Gedanken zur Losung in schwierigen Zeiten – 10. Dezember 2020

Die Herrlichkeit des HERRN soll offenbart werden, und alles Fleisch miteinander wird es sehen; denn des HERRN Mund hat’s geredet.
Jesaja 40,5

Es bedarf wohl einer Erklärung, dass mir bei der heutigen Losung dieses Kreuz eingefallen ist, das ich vor Jahren auf der Karlsbrücke in Prag aufgenommen habe

Mit hebräischen Schriftzeichen ist zu lesen: „Kadosch, kadosch, kadosch adonai zevaot“ (Heilig, heilig, heilig, Herr der Heerscharen).
Ich habe mich gefragt, wie sieht Gottes Herrlichkeit aus. Denn Hebräisch Kawod, auf Deutsch Herrlichkeit, bezeichnet die Erscheinungsart Gottes, wie Gott Menschen begegnet. Herrlichkeit beschreibt die Gegenwart und Nähe Gottes bei den Menschen.
Dabei werden die beiden A&O-Worte, kadosch und kawod, gern zusammen genannt. Denn Gott ist heilig und erscheint den Menschen gegenüber in Herrlichkeit, versetzt Menschen in Staunen.
Dabei mag es erstaunen, dass mir ausgerechnet eine Kreuzesdarstellung einfällt. Gerade am Kreuz zeigt sich die Herrlichkeit Gottes. „Er (Christus) ist der Abglanz seiner Herrlichkeit und das Ebenbild seines Wesens“, heißt es im Hebräerbrief (1,3). Wer die Herrlichkeit Gottes daher sehen will, schaut auf Christus – und hier auf das Kreuz.
Denn der heilige Gott, anders formuliert „der ganz andere Gott“, tritt in die Bresche des Todes.

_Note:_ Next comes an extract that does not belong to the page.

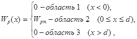 В данном случае потенциальная энергия частицы Wp(x) равна нулю всюду, кроме области 0<x<d (d - ширина барьера), где Wp(x) имеет постоянное значение Wpm– высота барьера. Таким образом
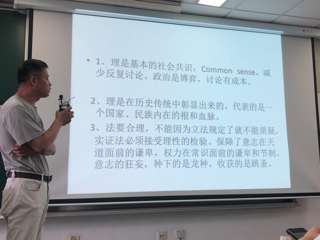 首先,李老师对院训“维理尚法”进行了深入的阐释。老师首先提出,人类社会中有一些基本的共识性条件:对生命的尊重、对契约的遵守、对侵害的追究,这些是经历了千百年人类文明凝结下来的,是信仰的常识。接着,老师指出,理是社会的基本共识,它在历史的传统中彰显出来,代表了一个国家,民族内在的根和血脉。立法与司法是在有“理”的基础上得以进行的。立法与司法都要合理,不能因为立法规定了就不能质疑,实证法必须接受理性的检验。这保障了意志在天道面前的谦卑,权利在常识面前的谦卑和节制。同时,李老师指出维理尚法是法律人应该具备的思想指引,是法律人用法律对他人的行为作出衡量与裁判的尺标。

Gott kommt zu uns Menschen und nimmt selbst unsere Abgründe auf. Menschlich gesprochen hat dies nichts mit Herrlichkeit zu tun.
Doch wenn Herrlichkeit beschreibt, wie Gott von uns Menschen erkannt wird und wir ins Staunen über Gott kommen. Dann passen Herrlichkeit und Kreuz zusammen.
Denn so hat sich Gott uns Menschen angenommen, was allen Menschen bekannt gemacht werden soll.